Nach bestandskräftiger Einkommensteuerfestsetzung: Kein Verlustvortrag mehr

Ein Verlustvortrag aus der Veräußerung von Aktien ist in einem Verlustfeststellungsbescheid nicht zu berücksichtigen, wenn weder die Voraussetzungen zur Änderung der bestandskräftigen Einkommensteuerfestsetzung nach den Vorschriften der Abgabenordnung noch gemäß § 10d Absatz 4 Satz 5 Einkommensteuergesetz (EStG) gegeben sind. Das hat das Finanzgericht (FG) Düsseldorf entschieden.

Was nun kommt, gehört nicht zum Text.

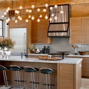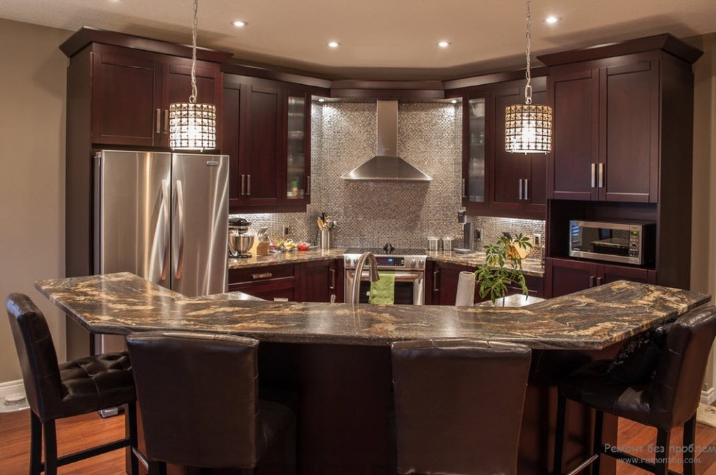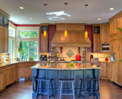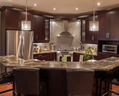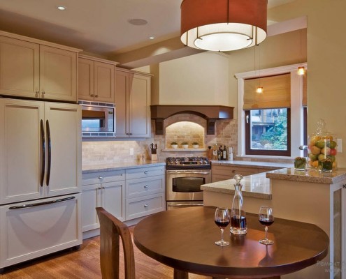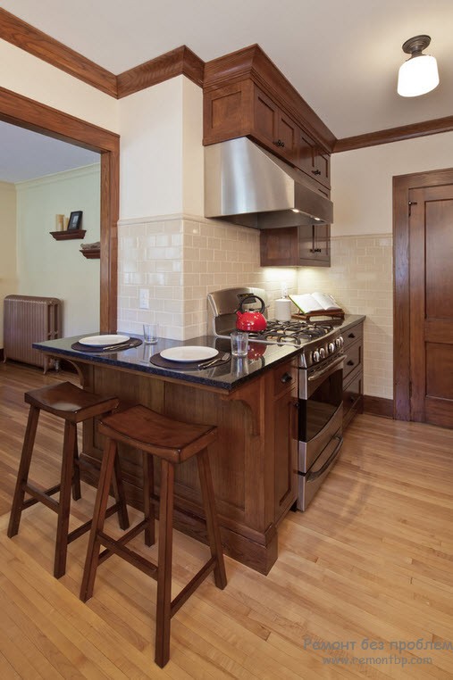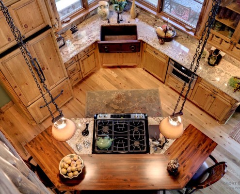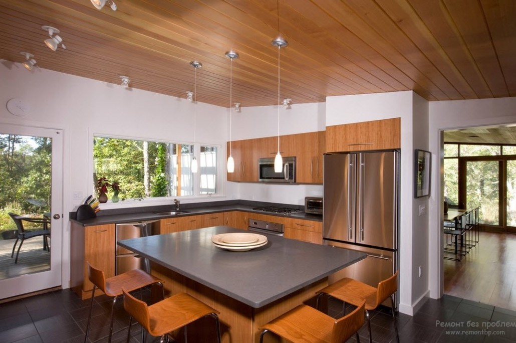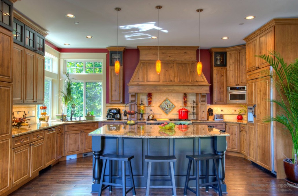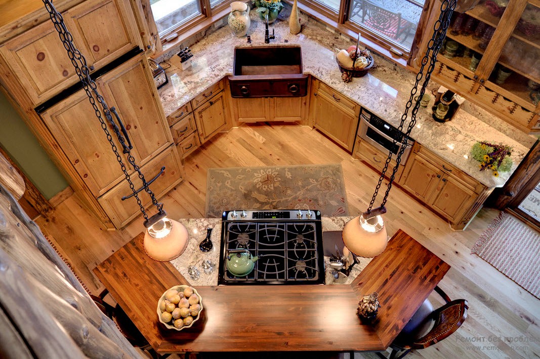 В интерьере шале используются исключительно природные материалы, основным из которых является дерево. Угловая кухня может быть выполнена в любом из древесных оттенков, значительно важнее форма. Простые горизонтальные и вертельные линии кухонной мебели подчеркиваются контрастом и фактурой природных материалов. Определяющей стиль особенностью, есть массивная столешница, выполненная из натурального камня или дерева.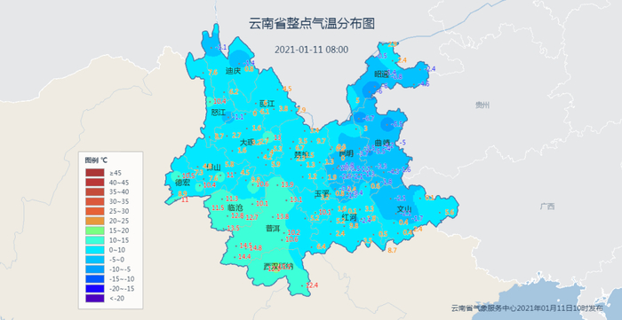 11日20时-12日20时:昭通南部、曲靖、昆明、玉溪北部、文山北部、红河北部、楚雄东部、丽江东部雨夹雪(小雪)转阴,迪庆多云有阵雪,其它地区阴冷局部有小雨。

Es hatte über die mögliche verfahrensrechtliche Korrektur eines Bescheids über die gesonderte Feststellung des verbleibenden Verlustvortrags zur Einkommensteuer ("Verlustfeststellungsbescheid") auf den 31.12.2021 zu entscheiden.

Die Kläger sind zusammenveranlagte Ehegatten und begehrten nachträglich einen höheren Verlustvortrag aus der Veräußerung von Aktien. Sie wurden zunächst erklärungsgemäß zur Einkommensteuer 2021 veranlagt. Neben dem Einkommensteuerbescheid erging ein Verlustfeststellungsbescheid auf den 31.12.2021. Beide Bescheide wurden nicht mit Einspruch angefochten. Nachdem die Kläger von der Bank eine nachträglich ausgestellte "Ersatz-Steuerbescheinigung" einreichten, aus der sich unter anderem höhere Verluste aus der Veräußerung von Aktien ergaben, beantragten sie die Änderung der Bescheide.

Das beklagte Finanzamt lehnte dies ab, da keine Korrekturvorschrift einschlägig sei. (Lediglich) gegen den Ablehnungsbescheid betreffend den Verlustfeststellungsbescheid legten die Kläger sodann Einspruch und Klage ein.

Das FG hat die Klage abgewiesen. Die nachträglich erklärten Veräußerungsverluste könnten nicht in dem Verlustfeststellungsbescheid auf den 31.12.2021 berücksichtigt werden. Eine entsprechende Änderung sei infolge der bestandskräftigen Einkommensteuerfestsetzung, der die streitigen Verluste nicht zugrunde liegen, ausgeschlossen. Denn es lägen weder die Voraussetzungen für eine Änderung der Einkommensteuerfestsetzung nach Maßgabe der Änderungsvorschriften der Abgabenordnung (AO) noch die des § 10d Abs. 4 Satz 5 EStG vor. Die Kläger hätten den Ablehnungsbescheid, soweit dieser die Einkommensteuer betraf, nicht angefochten.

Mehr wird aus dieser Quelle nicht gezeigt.